→ **TASK TO CARRY OUT**:
Each record must be written out again exactly. Skip any picture it contains.

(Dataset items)
***
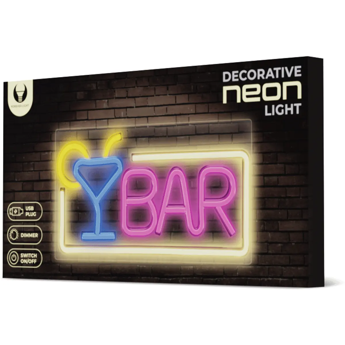Graças à tecnologia LED, as luzes de Neon consomem quantidades relativamente baixas de eletricidade. O dispositivo é alimentado através da ficha USB 5V e inclui Interruptor ON/OFF/Dimmer.
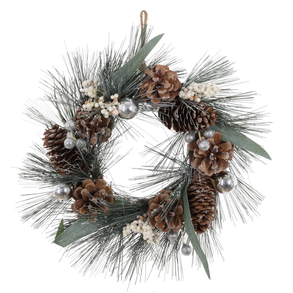 Этот великолепный венок диаметром 26 см привнесет в ваш интерьер атмосферу зимней сказки. Его цветовая гамма создает впечатление морозной красоты, напоминая о холодных, сверкающих снежинках и ясном зимнем небе. Венок удивительно гармонично соединяет натуральные материалы, что делает его не только стильным, но и экологически чистым декором. Он легко впишется в любой интерьер — от классического до современного, добавляя нотки изысканности и оригинальности.
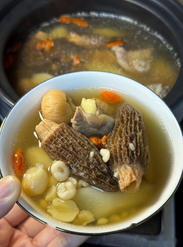 6. 40分钟后,放入羊肚菌,继续小火炖煮30分钟。
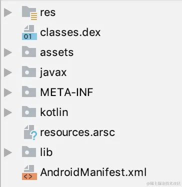 如下图,Apk中有classes.dex、res资源、assets资源、resources.arsc、naitve lib、AndroidManifest.xml等,这些也都是用来承载我们需求功能的文件,那我们一个完整的插件化框架就需要支持以下文件的单独运行。
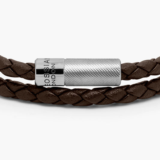 Tateossian | Bracelet Pop Rigato en cuir marron italien double tour avec argent sterling
***
→ **ANSWER SPACE**:
Graças à tecnologia LED, as luzes de Neon consomem quantidades relativamente baixas de eletricidade. O dispositivo é alimentado através da ficha USB 5V e inclui Interruptor ON/OFF/Dimmer.
 Этот великолепный венок диаметром 26 см привнесет в ваш интерьер атмосферу зимней сказки. Его цветовая гамма создает впечатление морозной красоты, напоминая о холодных, сверкающих снежинках и ясном зимнем небе. Венок удивительно гармонично соединяет натуральные материалы, что делает его не только стильным, но и экологически чистым декором. Он легко впишется в любой интерьер — от классического до современного, добавляя нотки изысканности и оригинальности.
 6. 40分钟后,放入羊肚菌,继续小火炖煮30分钟。
 如下图,Apk中有classes.dex、res资源、assets资源、resources.arsc、naitve lib、AndroidManifest.xml等,这些也都是用来承载我们需求功能的文件,那我们一个完整的插件化框架就需要支持以下文件的单独运行。
 Tateossian | Bracelet Pop Rigato en cuir marron italien double tour avec argent sterling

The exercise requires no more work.